- Church: Episcopal Church
- Diocese: Western New York
- Elected: January 20, 1948
- In office: 1948–1970
- Predecessor: Cameron Josiah Davis
- Successor: Harold B. Robinson

Orders
- Ordination: May 3, 1938 by John T. Dallas
- Consecration: May 13, 1948 by Henry Knox Sherrill

Personal details
- Born: October 17, 1907 Milton, Massachusetts, United States
- Died: September 19, 1970 (aged 62) Buffalo, New York, United States
- Buried: Hingham Cemetery, Hingham, Massachusetts
- Denomination: Anglican
- Parents: Roger Livingston Scaife & Ethel May Bryant
- Spouse: Eleanor Morris Carnochan
- Children: 2

= Lauriston L. Scaife =

Episcopal bishop of Western New York (1907–1970)

Lauriston Livingston Scaife (October 17, 1907 – September 19, 1970) was bishop of the Episcopal Diocese of Western New York from 1948 to 1970.

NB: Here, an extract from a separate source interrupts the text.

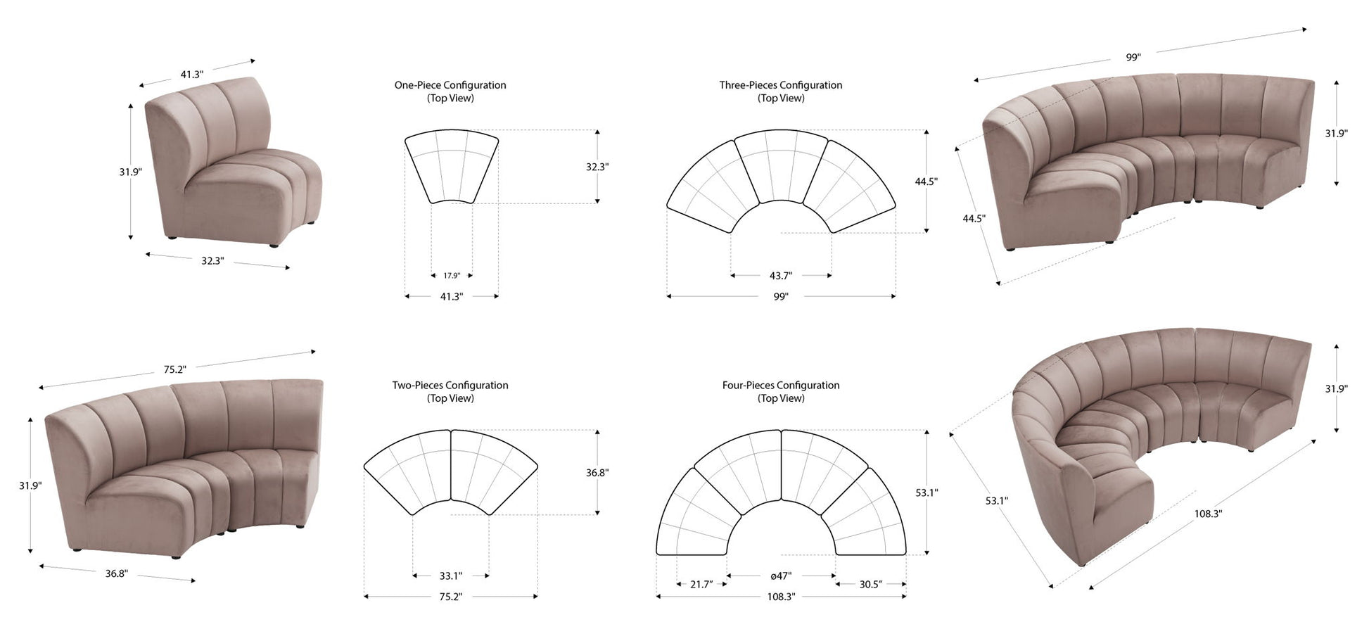 Introducing the Garbi Modular Sectional, a revolution in seating versatility and style. Crafted with a sturdy wood frame and adorned with sumptuous velvet seats and backs, this sectional exudes both modern flair and deco elegance. Its modular design allows the pieces to combine effortlessly, creating either a circular or crescent-shaped seating arrangement reminiscent of banquet-style gatherings. Whether arranged for intimate conversations or grand social events, the Garbi Modular Sectional adds sophistication and luxury to any space. Embrace its innovative design and opulent materials, making it the centerpiece of your contemporary or deco-inspired decor.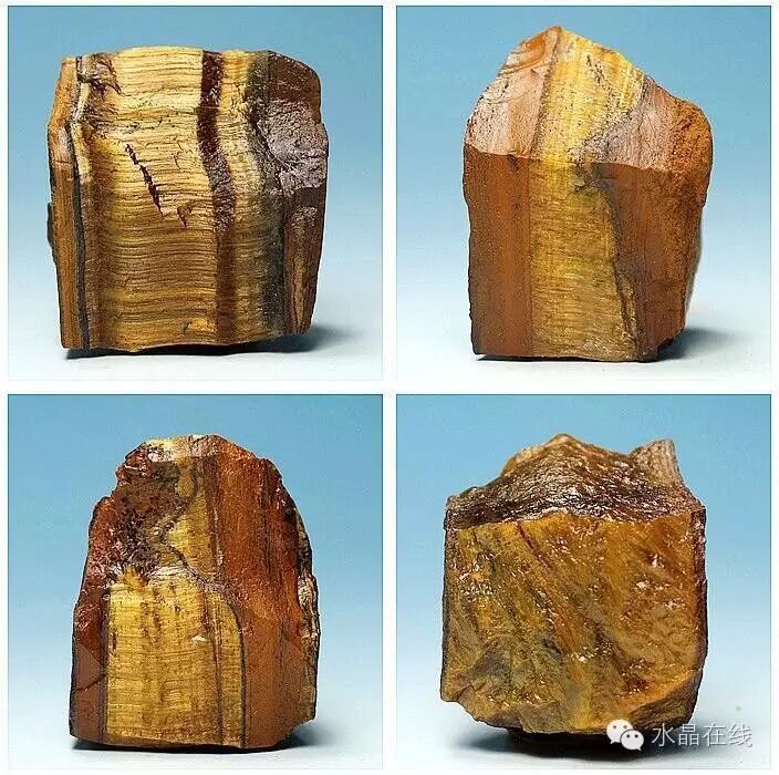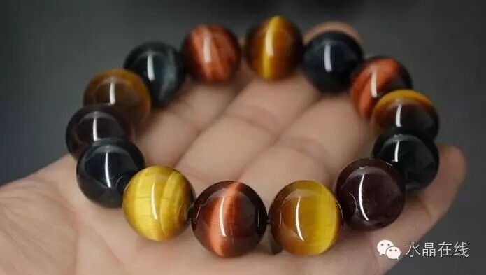 普通的虎眼石一般为黑黄相间的色调,正像是老虎皮毛的纹路,也有蓝黑黄相间的。比起二色相间,三色的更为稀有,而正所谓物以稀为贵,这种三色的价值自然也比二色的高。

==Early life and education==
Scaife was born on October 17, 1907, in Milton, Massachusetts, the son of Roger Livingston Scaife (1875-1951) and Ethel May Bryant Scaife (1876-1959). He attended Milton Academy and graduated in 1926 and later Trinity College where he earned his Bachelor of Arts in 1931. He studied at the General Theological Seminary and graduated with a Bachelor of Sacred Theology in 1938. He also gained a Doctor of Divinity from Trinity in 1948.

==Ordination==
Scaife was ordained deacon on June 7, 1937, by Samuel G. Babcock, Suffragan Bishop of Massachusetts. He was ordained priest on May 3, 1938, by John T. Dallas, Bishop of New Hampshire. Between 1937 and 1938, Scaife served as Master of St Paul's School in Concord, New Hampshire. In 1938 he became the assistant priest of Saint Thomas' Church in New York City. In 1942 he became rector of Trinity Church in Newport, Rhode Island. In 1945 he transferred to Pittsburgh, Pennsylvania to serve as rector of Calvary Church. During WWII, he served as chaplain in the US Navy. He was also a trustee of St Vladimir's Theological Seminary in New York City between 1941 and 1970.

==Bishop==
On January 20, 1948, Scaife was elected, on the first ballot, as Bishop of Western New York during a special convention held in St Mark's Church in Buffalo, New York. He was consecrated on May 13, 1948, with Presiding Bishop Henry Knox Sherrill as primary consecrator in St. Paul's Cathedral (Buffalo, New York).